Some of the Abe Cabinet members remain ambiguous about their possible visit to the controversial Yasukuni Shrine on August 15. Except for one who will be on an overseas trip that day, the rest have not yet relayed their final decisions. In less than a week, the world will commemorate the 68th anniversary of Japan’s surrender in the Second World War.
However, August 15 is more than just remembering Japan’s loss in the Pacific Region. The date holds a solemn observance when Japanese people visit the Yasukuni Shrine, home of those who died in the war including those convicted by the International Military Tribunal for the Far East (IMTFE) of war crimes. But the attention is not directed on the solemn ceremony but rather on who’s coming and who’s not among the cabinet members. Chief Cabinet Secretary Yoshihide Suga said that they will “refrain from saying which members of the Cabinet will or won’t go, or who can or can’t go as private individuals.” However, some have already made statements, giving hints should their presence be expected at the shrine. Only Education Minister Hakubun Shimomura gave a certain respond as his overseas trip the following week will keep him from visiting the Yasukuni Shrine on August 15.
Finance Minister Taro Aso stated that he had “already gone this year” to the shrine, referring to his spring visit with three other cabinet members. Tomomi Inada, Minister of State for Administrative Reform, believes it’s “acceptable to show gratitude and respect toward those who gave their lives for their country” and that she will make a decision appropriate to her current position. Minister of State for Reconstruction Takumi Nemoto said he already made a visit to the shrine this summer although he did not disclose when.
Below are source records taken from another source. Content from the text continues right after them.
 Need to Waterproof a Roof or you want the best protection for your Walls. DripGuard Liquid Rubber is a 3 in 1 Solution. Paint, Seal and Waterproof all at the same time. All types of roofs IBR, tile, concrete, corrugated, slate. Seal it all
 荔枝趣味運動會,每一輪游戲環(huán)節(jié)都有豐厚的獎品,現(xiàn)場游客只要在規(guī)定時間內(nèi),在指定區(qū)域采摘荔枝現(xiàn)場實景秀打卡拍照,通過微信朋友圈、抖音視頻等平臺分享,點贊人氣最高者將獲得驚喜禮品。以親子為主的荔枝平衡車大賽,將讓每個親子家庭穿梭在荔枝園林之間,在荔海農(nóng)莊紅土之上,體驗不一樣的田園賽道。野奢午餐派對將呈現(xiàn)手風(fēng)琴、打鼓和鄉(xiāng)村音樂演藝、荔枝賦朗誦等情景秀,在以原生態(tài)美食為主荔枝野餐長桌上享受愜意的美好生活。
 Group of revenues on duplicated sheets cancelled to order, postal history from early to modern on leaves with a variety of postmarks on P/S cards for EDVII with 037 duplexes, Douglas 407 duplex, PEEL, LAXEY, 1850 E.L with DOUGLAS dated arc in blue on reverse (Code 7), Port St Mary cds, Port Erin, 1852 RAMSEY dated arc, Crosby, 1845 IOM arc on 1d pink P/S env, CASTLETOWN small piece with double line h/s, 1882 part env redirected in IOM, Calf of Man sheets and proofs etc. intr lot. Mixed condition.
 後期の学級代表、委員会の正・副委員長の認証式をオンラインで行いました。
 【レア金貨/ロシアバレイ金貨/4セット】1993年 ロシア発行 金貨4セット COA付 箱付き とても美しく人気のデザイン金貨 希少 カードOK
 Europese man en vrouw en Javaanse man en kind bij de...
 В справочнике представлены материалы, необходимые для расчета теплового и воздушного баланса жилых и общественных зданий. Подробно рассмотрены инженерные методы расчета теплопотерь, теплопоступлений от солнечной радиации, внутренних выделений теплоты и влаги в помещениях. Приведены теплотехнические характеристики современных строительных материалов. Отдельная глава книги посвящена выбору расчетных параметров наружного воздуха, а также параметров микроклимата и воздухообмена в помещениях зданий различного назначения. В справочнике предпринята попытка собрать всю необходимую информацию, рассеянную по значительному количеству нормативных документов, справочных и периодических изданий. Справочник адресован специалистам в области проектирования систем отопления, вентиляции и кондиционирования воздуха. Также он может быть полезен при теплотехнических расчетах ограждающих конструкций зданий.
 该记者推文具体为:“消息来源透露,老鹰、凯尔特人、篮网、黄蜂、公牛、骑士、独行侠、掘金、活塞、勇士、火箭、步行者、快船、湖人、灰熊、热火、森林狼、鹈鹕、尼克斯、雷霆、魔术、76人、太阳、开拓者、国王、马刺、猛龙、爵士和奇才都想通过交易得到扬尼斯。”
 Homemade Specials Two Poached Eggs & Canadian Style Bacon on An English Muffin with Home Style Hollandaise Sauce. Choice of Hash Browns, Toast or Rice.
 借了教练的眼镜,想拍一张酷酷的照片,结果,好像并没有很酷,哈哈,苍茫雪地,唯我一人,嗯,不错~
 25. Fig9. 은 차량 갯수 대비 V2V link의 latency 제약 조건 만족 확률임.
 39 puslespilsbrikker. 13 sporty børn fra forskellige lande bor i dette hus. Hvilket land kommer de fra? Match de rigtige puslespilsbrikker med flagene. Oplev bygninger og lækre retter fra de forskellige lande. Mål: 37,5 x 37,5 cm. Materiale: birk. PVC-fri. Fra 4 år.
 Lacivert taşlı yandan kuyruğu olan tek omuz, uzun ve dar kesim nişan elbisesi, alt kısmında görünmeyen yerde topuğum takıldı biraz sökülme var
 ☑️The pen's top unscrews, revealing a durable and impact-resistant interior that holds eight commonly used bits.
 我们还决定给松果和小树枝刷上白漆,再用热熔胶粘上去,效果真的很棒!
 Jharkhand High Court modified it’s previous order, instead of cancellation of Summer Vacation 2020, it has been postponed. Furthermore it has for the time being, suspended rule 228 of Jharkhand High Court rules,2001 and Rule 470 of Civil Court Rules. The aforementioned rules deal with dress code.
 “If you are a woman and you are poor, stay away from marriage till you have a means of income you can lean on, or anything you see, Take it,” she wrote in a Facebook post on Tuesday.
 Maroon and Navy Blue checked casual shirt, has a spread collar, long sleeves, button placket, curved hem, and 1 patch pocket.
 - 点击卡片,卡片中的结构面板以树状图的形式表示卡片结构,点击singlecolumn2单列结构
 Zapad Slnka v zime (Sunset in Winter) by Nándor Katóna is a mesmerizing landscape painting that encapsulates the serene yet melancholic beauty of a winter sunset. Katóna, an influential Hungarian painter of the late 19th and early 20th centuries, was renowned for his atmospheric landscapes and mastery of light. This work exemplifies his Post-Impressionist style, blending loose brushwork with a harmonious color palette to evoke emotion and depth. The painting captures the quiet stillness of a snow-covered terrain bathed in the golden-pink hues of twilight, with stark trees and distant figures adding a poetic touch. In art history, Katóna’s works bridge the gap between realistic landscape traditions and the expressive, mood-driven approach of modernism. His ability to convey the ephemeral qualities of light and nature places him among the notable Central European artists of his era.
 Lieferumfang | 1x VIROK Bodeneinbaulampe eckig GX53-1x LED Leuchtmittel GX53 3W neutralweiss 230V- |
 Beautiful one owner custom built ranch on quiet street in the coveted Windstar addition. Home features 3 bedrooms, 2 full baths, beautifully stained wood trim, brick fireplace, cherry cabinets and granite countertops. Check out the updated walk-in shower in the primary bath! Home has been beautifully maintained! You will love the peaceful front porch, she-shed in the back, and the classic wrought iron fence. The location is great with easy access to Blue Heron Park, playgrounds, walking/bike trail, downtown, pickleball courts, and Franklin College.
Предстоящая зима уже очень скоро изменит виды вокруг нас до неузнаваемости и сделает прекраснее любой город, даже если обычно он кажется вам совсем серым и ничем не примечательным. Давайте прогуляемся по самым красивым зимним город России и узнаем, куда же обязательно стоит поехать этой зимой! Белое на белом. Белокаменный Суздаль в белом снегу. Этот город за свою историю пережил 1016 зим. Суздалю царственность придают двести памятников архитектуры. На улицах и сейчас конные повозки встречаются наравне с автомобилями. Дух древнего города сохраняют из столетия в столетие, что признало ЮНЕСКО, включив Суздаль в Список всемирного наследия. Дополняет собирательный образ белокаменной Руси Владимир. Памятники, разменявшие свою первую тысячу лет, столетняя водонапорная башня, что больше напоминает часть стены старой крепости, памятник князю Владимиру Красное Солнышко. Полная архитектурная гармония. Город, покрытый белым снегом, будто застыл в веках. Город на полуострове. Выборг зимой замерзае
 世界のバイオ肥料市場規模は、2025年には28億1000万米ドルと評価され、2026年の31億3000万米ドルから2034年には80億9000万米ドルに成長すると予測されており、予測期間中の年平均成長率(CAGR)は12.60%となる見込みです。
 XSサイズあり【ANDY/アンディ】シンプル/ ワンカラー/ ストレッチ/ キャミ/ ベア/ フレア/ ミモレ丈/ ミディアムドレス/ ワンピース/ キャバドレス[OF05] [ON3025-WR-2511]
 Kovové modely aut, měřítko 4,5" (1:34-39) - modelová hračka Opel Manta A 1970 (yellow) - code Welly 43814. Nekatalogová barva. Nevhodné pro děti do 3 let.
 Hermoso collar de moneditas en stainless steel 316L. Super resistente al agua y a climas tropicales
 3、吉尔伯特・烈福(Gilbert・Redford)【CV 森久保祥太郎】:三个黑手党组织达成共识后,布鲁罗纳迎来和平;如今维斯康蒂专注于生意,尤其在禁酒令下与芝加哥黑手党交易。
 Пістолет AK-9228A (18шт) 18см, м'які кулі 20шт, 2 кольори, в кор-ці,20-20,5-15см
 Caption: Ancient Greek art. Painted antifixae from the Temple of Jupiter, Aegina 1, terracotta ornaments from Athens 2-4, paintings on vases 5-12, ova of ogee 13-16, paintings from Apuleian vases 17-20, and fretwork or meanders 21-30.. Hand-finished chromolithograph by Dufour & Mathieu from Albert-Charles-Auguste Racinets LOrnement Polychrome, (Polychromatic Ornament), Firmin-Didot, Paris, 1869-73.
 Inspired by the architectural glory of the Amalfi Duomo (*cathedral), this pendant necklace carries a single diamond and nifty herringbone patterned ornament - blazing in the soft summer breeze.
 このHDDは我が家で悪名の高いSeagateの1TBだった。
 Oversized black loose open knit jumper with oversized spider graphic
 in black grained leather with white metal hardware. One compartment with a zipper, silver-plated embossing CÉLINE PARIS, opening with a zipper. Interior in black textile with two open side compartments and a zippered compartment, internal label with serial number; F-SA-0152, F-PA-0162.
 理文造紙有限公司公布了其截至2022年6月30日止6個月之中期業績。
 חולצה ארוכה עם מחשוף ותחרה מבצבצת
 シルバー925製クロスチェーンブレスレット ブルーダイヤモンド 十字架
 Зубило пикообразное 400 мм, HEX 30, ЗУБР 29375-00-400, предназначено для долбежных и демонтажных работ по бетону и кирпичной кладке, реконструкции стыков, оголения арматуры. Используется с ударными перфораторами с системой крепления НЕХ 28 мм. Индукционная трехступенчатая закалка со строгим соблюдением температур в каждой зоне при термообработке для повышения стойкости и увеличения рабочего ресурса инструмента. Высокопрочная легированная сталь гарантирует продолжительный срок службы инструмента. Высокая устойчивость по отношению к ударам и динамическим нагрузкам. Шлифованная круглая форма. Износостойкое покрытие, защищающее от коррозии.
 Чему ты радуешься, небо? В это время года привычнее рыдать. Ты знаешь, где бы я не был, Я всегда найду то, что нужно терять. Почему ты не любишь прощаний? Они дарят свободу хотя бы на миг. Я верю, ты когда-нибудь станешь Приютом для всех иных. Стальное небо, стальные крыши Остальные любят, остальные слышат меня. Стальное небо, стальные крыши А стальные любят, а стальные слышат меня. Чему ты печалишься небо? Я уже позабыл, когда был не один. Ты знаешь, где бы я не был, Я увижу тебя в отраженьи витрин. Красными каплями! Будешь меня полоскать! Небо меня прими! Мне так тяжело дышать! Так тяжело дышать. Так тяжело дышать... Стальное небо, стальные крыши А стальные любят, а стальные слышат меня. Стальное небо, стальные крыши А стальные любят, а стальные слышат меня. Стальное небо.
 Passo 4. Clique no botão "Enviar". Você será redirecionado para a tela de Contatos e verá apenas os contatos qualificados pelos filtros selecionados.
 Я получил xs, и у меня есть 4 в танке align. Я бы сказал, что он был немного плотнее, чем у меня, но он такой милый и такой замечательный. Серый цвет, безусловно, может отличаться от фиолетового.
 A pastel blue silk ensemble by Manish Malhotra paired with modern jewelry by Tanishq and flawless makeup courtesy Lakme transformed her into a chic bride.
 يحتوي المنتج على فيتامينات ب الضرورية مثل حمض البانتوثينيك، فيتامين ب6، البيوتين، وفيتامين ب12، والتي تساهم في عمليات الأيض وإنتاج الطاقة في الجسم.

As for Prime Minister Shinzo Abe, the LDP chief said that he will not make a visit on August 15. Abe’s visit, or lack thereof, has been the most closely watched not just by the media but also the international community especially China and South Korea. The latter had already expressed its opposition to cabinet members’ visit. China, on the other hand, said it will never accept such moves. Both neighbours were under the Imperial Japanese rule and suffered from their militarism and so for them, a visit to the shrine is an assertive expression of Japan’s denial of its past or a glorification of their militarism.